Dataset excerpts
Segment Open

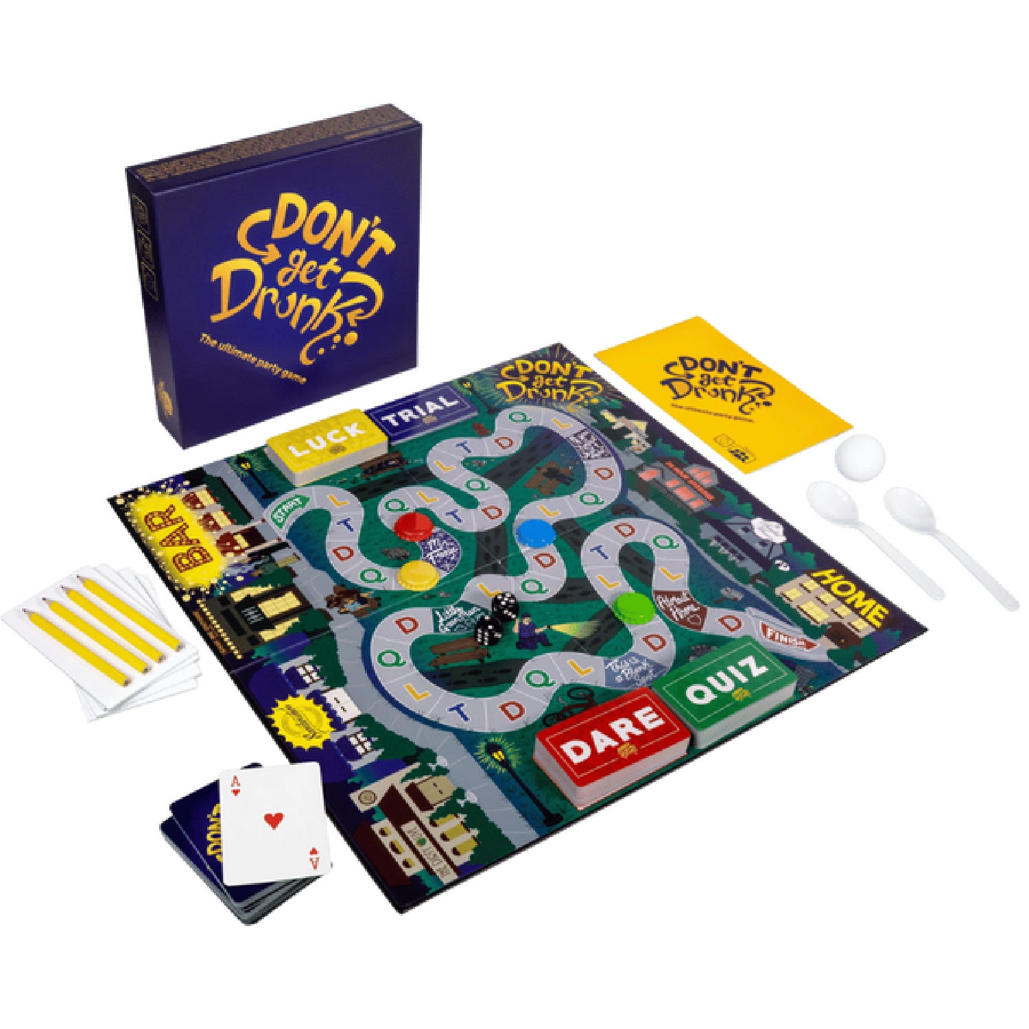 How to win and play: Its easy, you just have to be the first person or team to make it from the bar spot to the home spot. Roll the dice and move that amount of spaces, pick the corresponding card and do what it says, or don't, but beware there will be punishments! You only have to refer to the instruction manual for trial cards as they are pulled, this makes for less reading and more fun! Don't be afraid to sabotage your opponents to get ahead in the game!
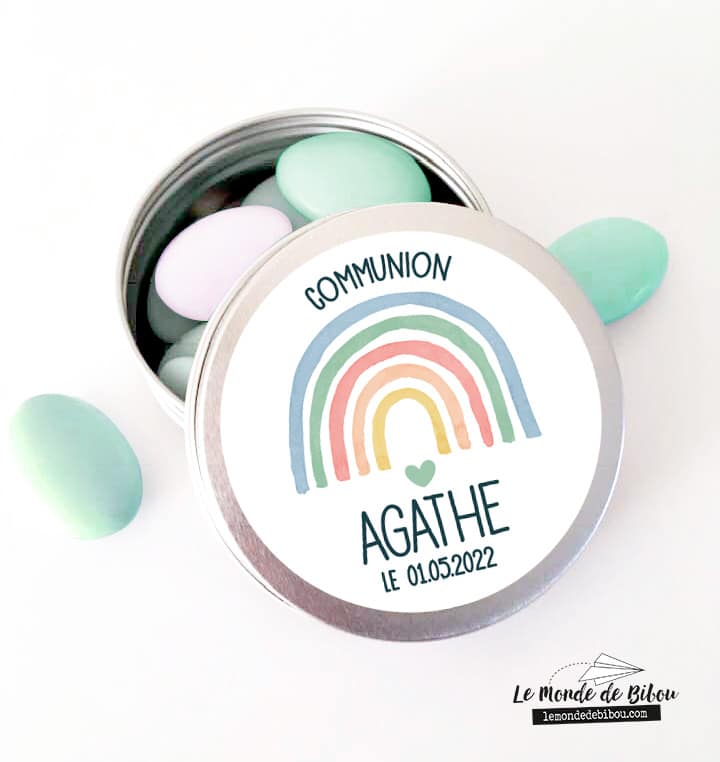 Cette ravissante petite Boîte à dragées personnalisée Rainbow est personnalisable avec le prénom de l’enfant et la date de l’événement. C’est le cadeau idéal à offrir à vos invités lors de votre événement, que ce soit un Baptême, une Communion ou un anniversaire.
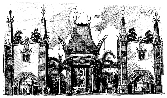 With backing supplied by movie magnate Joseph M. Schenck; C. E. Toberman, "realtor to the stars" and, quietly, Doug and Mary, Grauman set forth to outdo even himself. That he succeeded was apparent to everyone that May night as the 2,000 hand-picked guests were ushered through the theatre. They were goggle-eyed at the "bronze square-cut Pagoda roof, 90 feet above the forecourt, aged the color of green jade, underlaid by two immense piers of coral red. Beneath the piers . . . a great stone dragon, and in front of the dragon, a bronze statue symbolizing the human genius of poetry and drama while surrounding flames suggest the ever-burning fires of dramatic fancy and creation."
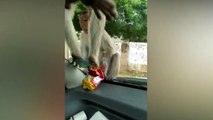 Des singes gourmands lèchent le parebrise pensant pouvoir attraper un paquet de biscuits
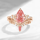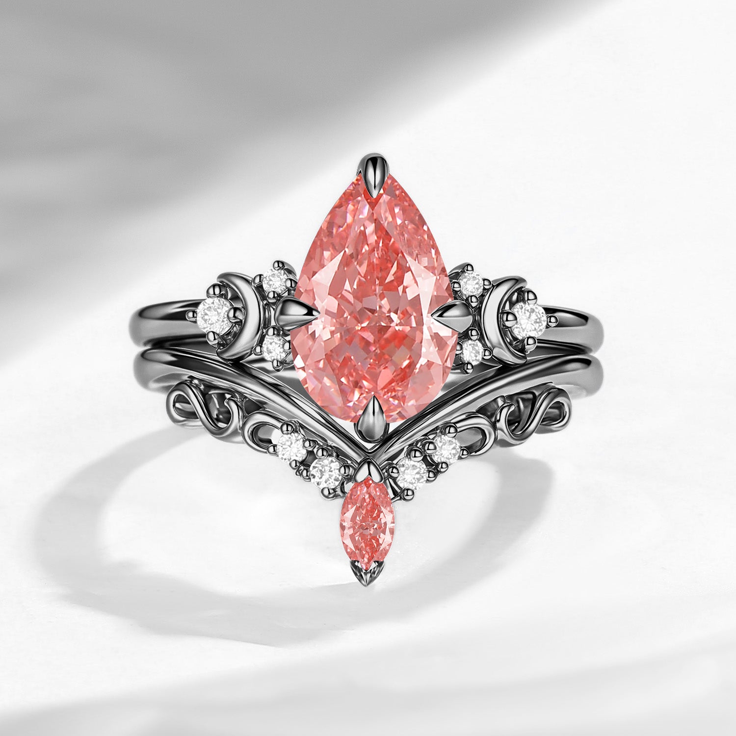 Crescent Moon | Pear Shaped Art Deco Pink Lab Diamond Engagement Ring Set 2pcs
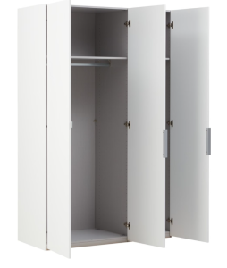 - Warendeklaration: Korpus: Spanplatte melaminbeschichtet, weiss, Front: Spanplatte melaminbeschichtet, weiss, Griff kurz alufarben, inkl. 2 Kleiderstangen und 2 Tablare
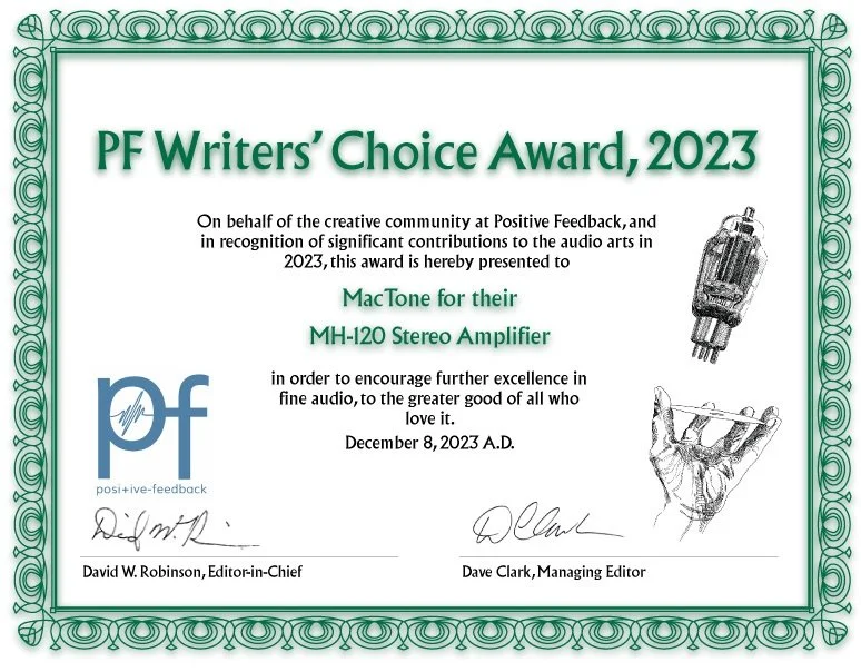 “I try to be a calm person most of the time, but the Mactone MH-120 and XX-7000 have exposed me to a new level of tube amplifier performance, one that makes me wonder if I should just stop right here. Highly recommended, and an Editor’s Choice Award is mandatory.”
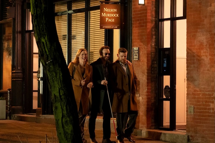 The episode opens with Matt, Foggy Nelson and Karen Page stepping out of their office. The third season of Daredevil ended with them forming the three-person legal team of Murdock, Nelson and Page. They head to Josie’s Bar, their usual watering hole, for an apparent retirement party for a police officer named Cherry.
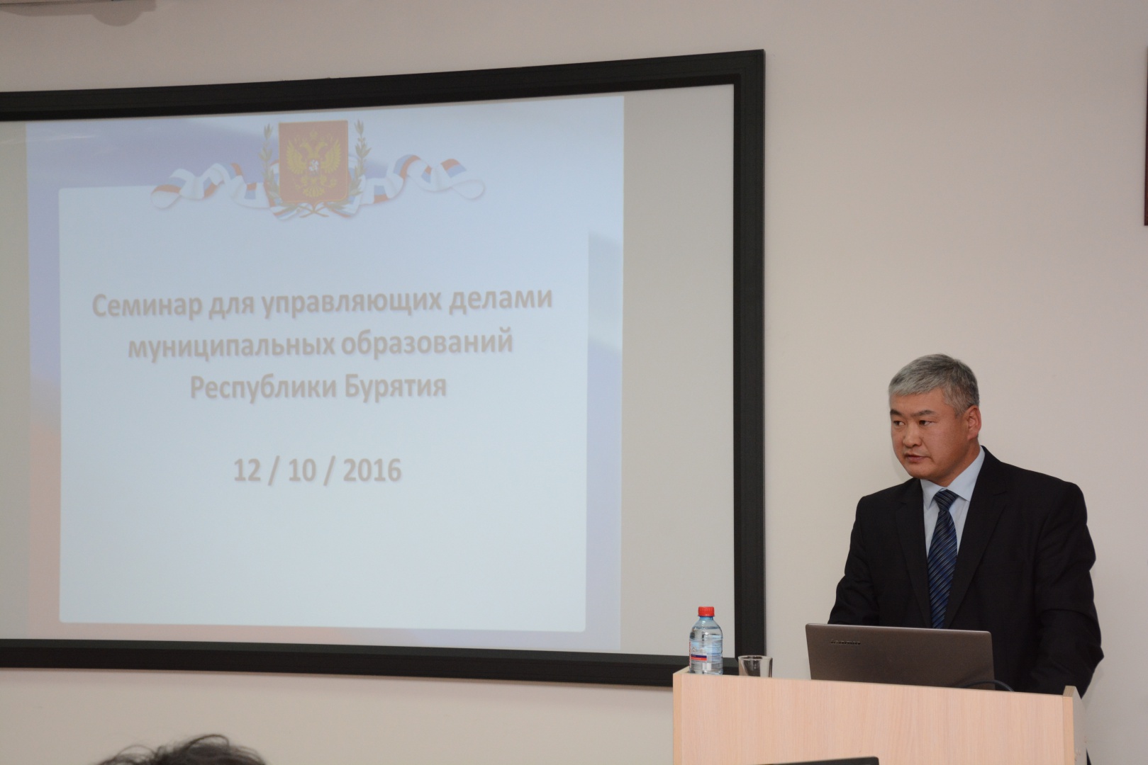 В конференц-зале Научной библиотеки БГУ прошла 1 часть семинара, с докладами выступили Заместитель председателя Комитета территориального развития АГРБиПРБ Л. Н. Мотошкин, зав.кафедрой экономической теории, государственного и муниципального управления А. А. Дугарова, научный руководитель ИЭУ профессор Н. И. Атанов и другие специалисты из Правительства Бурятии и преподаватели Института экономики и управления БГУ.
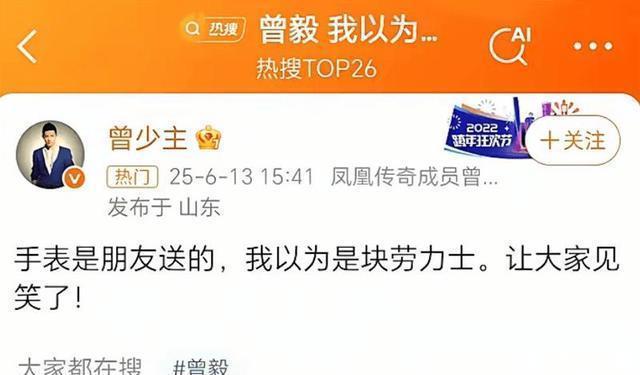 结语 在娱乐圈这个鱼龙混杂的地方,一定要时刻注意自己的言行举止。 有可能你的一举一动都会被放大,从而酿成无法挽回的后果。 信源来源:红星新闻2025-12-17手表风波半年后,曾毅晒凤凰传奇“全家福”

Segment Closed

• Problem details:
Using the data above, set down each line from the line with "Des singes gourmands" to the line with "The episode opens" exactly, both ends included, and leave the pictures behind. Nothing else belongs.

• Solution to this exercise:
 Des singes gourmands lèchent le parebrise pensant pouvoir attraper un paquet de biscuits
 Crescent Moon | Pear Shaped Art Deco Pink Lab Diamond Engagement Ring Set 2pcs
 - Warendeklaration: Korpus: Spanplatte melaminbeschichtet, weiss, Front: Spanplatte melaminbeschichtet, weiss, Griff kurz alufarben, inkl. 2 Kleiderstangen und 2 Tablare
 “I try to be a calm person most of the time, but the Mactone MH-120 and XX-7000 have exposed me to a new level of tube amplifier performance, one that makes me wonder if I should just stop right here. Highly recommended, and an Editor’s Choice Award is mandatory.”
 The episode opens with Matt, Foggy Nelson and Karen Page stepping out of their office. The third season of Daredevil ended with them forming the three-person legal team of Murdock, Nelson and Page. They head to Josie’s Bar, their usual watering hole, for an apparent retirement party for a police officer named Cherry.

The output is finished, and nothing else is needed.